REQUIREMENT –
Pictures in the records below are skipped; the rest is copied exactly.

SOURCE DATA –

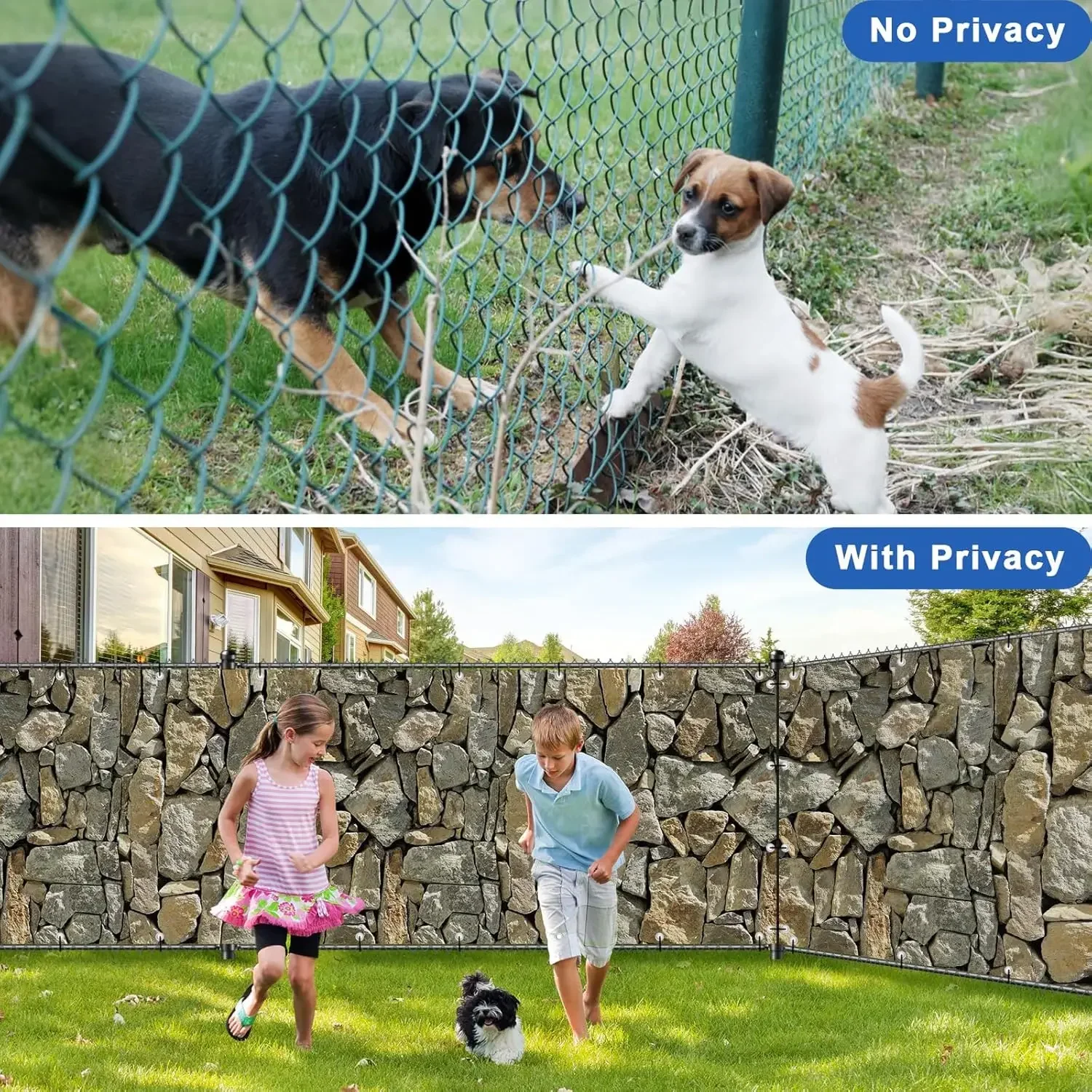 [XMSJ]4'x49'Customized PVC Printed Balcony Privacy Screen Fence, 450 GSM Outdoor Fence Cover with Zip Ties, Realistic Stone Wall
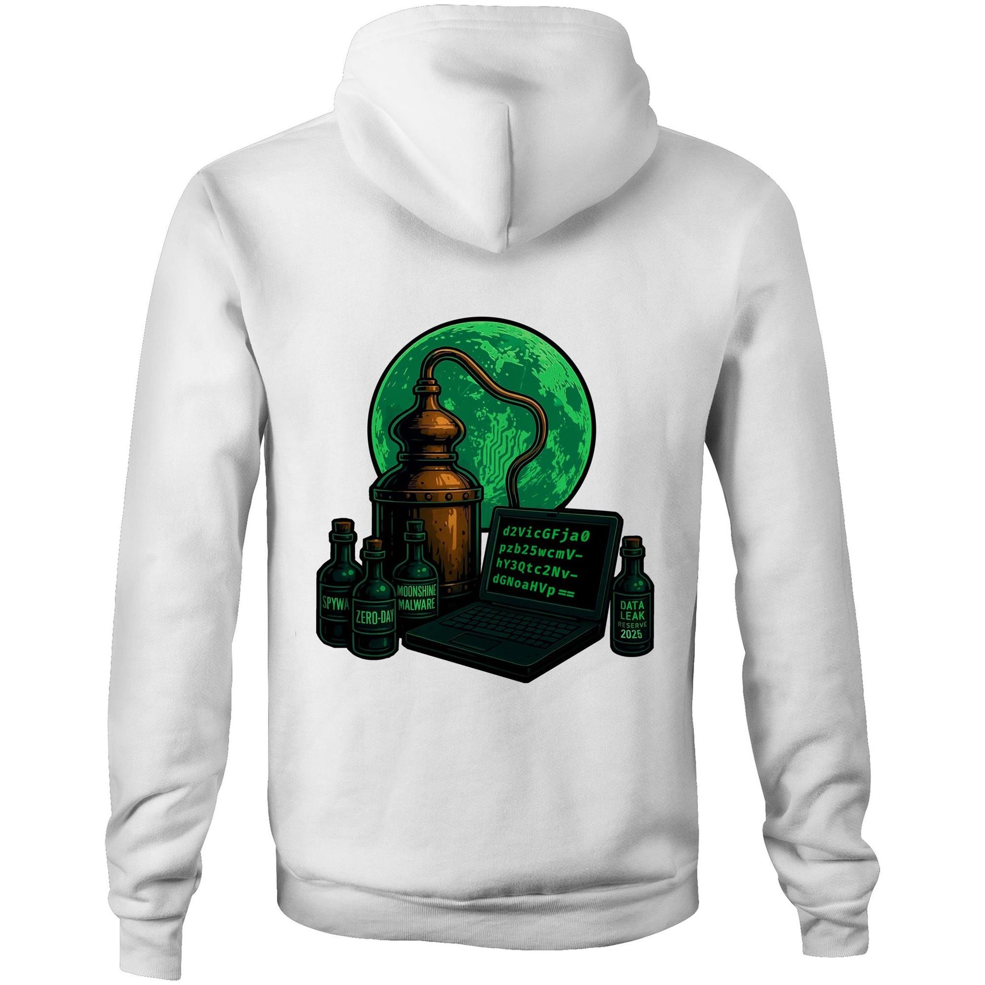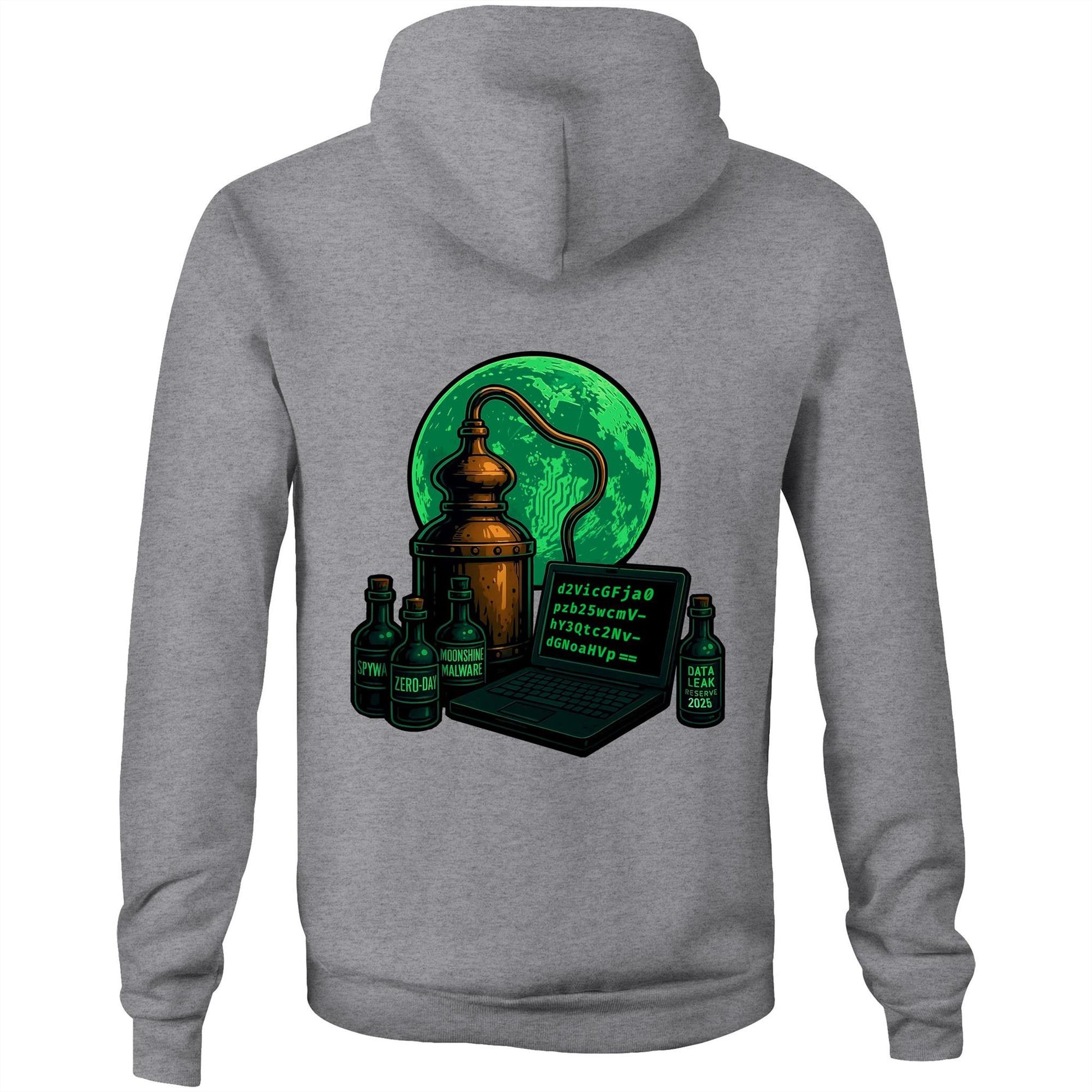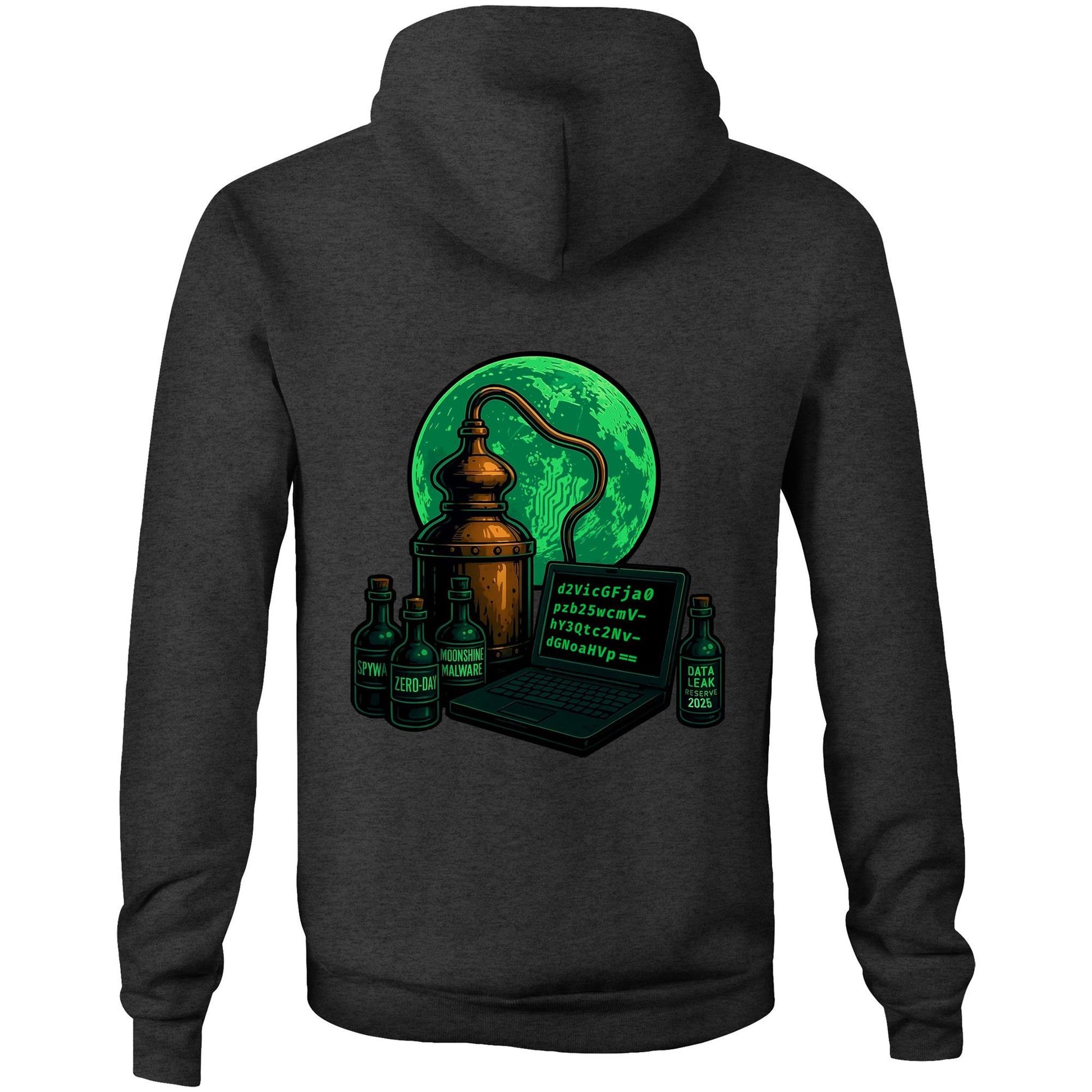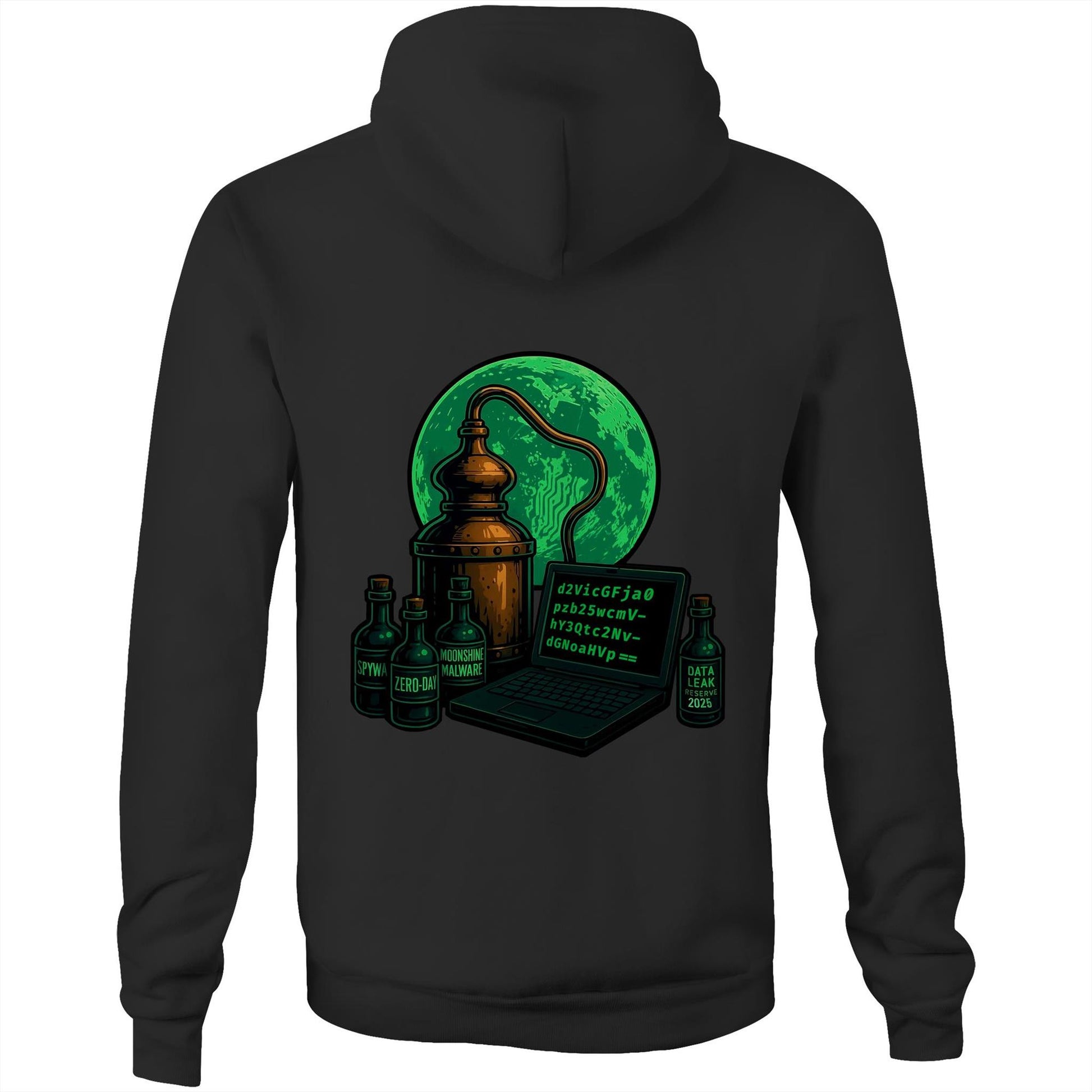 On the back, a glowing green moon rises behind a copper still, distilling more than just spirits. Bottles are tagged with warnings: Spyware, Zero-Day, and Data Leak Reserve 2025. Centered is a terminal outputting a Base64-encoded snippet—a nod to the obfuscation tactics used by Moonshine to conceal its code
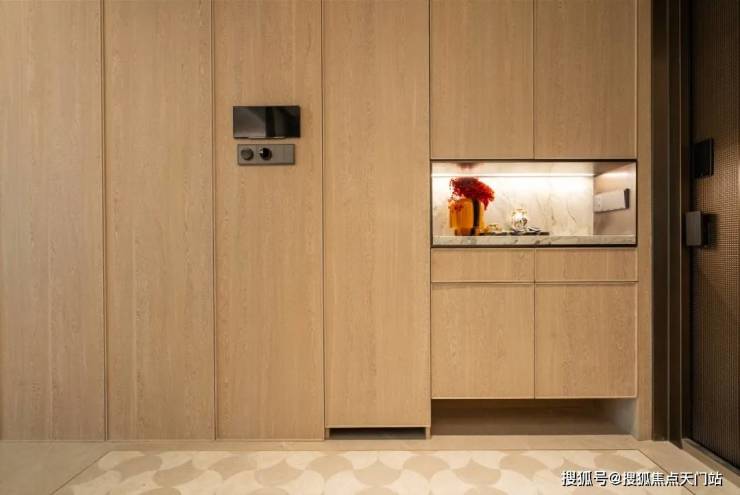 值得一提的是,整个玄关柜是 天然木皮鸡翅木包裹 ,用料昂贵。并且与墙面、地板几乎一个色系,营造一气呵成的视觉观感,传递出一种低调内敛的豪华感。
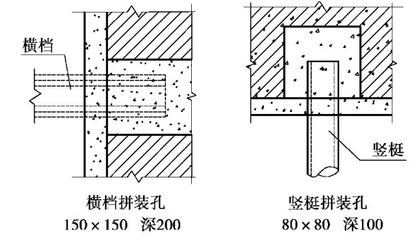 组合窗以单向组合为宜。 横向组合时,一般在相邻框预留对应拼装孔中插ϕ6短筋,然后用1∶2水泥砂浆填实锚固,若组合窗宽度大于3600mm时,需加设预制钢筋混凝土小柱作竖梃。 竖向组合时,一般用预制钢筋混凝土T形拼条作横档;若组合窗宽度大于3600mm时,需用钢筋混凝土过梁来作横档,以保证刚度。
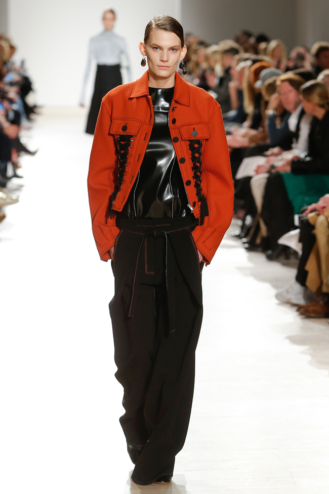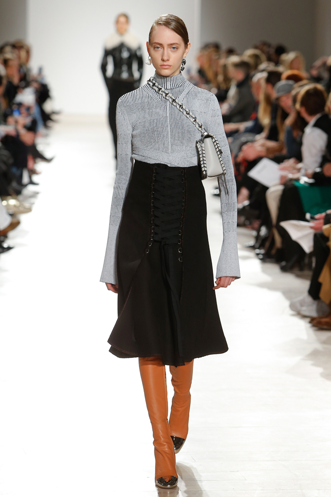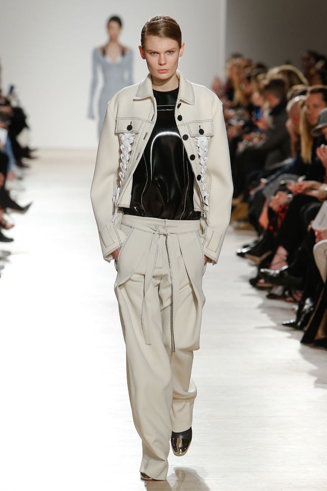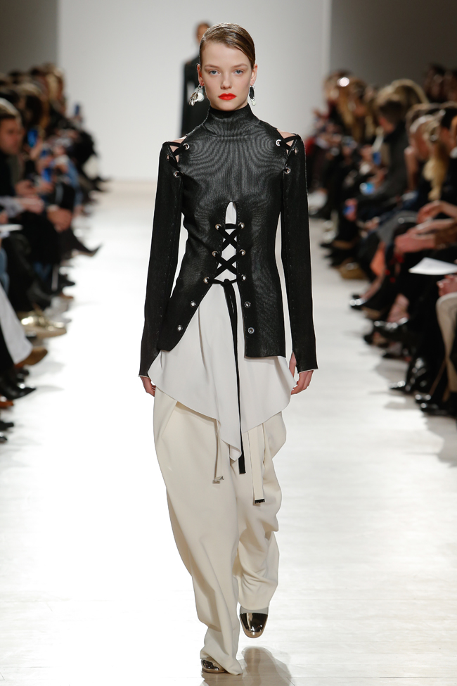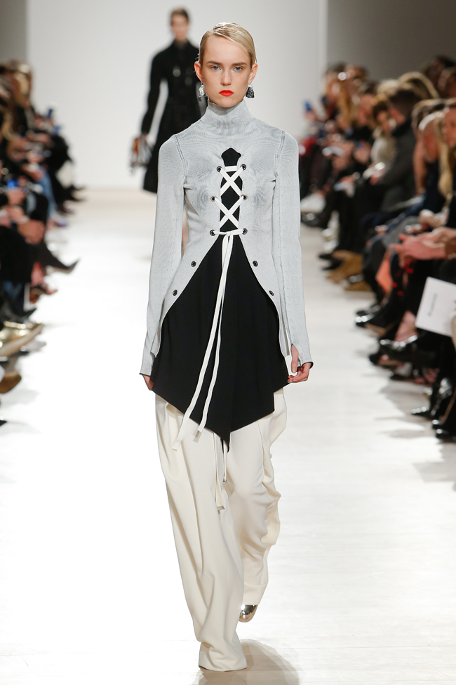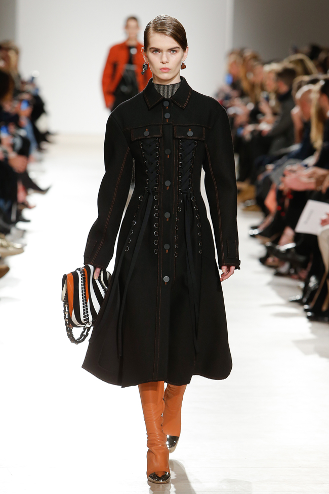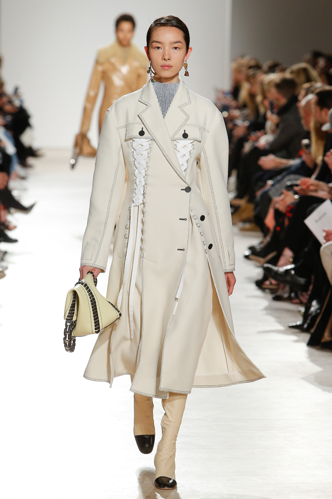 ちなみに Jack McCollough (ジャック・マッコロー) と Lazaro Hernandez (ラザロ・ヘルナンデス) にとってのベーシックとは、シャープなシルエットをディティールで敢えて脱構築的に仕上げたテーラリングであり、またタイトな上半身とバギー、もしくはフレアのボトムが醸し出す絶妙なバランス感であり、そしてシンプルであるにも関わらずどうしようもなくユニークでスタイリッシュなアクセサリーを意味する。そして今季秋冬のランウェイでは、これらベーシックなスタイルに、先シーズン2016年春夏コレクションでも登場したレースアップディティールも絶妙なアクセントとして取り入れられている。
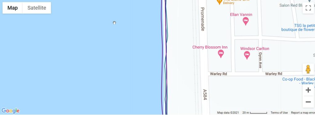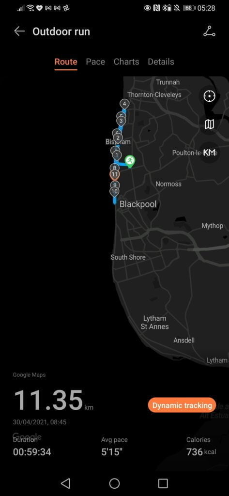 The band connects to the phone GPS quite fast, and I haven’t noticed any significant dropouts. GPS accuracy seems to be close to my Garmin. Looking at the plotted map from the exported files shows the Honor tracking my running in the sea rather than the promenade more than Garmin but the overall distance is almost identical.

YOUR RESPONSE –
 [XMSJ]4'x49'Customized PVC Printed Balcony Privacy Screen Fence, 450 GSM Outdoor Fence Cover with Zip Ties, Realistic Stone Wall
 On the back, a glowing green moon rises behind a copper still, distilling more than just spirits. Bottles are tagged with warnings: Spyware, Zero-Day, and Data Leak Reserve 2025. Centered is a terminal outputting a Base64-encoded snippet—a nod to the obfuscation tactics used by Moonshine to conceal its code
 值得一提的是,整个玄关柜是 天然木皮鸡翅木包裹 ,用料昂贵。并且与墙面、地板几乎一个色系,营造一气呵成的视觉观感,传递出一种低调内敛的豪华感。
 组合窗以单向组合为宜。 横向组合时,一般在相邻框预留对应拼装孔中插ϕ6短筋,然后用1∶2水泥砂浆填实锚固,若组合窗宽度大于3600mm时,需加设预制钢筋混凝土小柱作竖梃。 竖向组合时,一般用预制钢筋混凝土T形拼条作横档;若组合窗宽度大于3600mm时,需用钢筋混凝土过梁来作横档,以保证刚度。
 ちなみに Jack McCollough (ジャック・マッコロー) と Lazaro Hernandez (ラザロ・ヘルナンデス) にとってのベーシックとは、シャープなシルエットをディティールで敢えて脱構築的に仕上げたテーラリングであり、またタイトな上半身とバギー、もしくはフレアのボトムが醸し出す絶妙なバランス感であり、そしてシンプルであるにも関わらずどうしようもなくユニークでスタイリッシュなアクセサリーを意味する。そして今季秋冬のランウェイでは、これらベーシックなスタイルに、先シーズン2016年春夏コレクションでも登場したレースアップディティールも絶妙なアクセントとして取り入れられている。
 The band connects to the phone GPS quite fast, and I haven’t noticed any significant dropouts. GPS accuracy seems to be close to my Garmin. Looking at the plotted map from the exported files shows the Honor tracking my running in the sea rather than the promenade more than Garmin but the overall distance is almost identical.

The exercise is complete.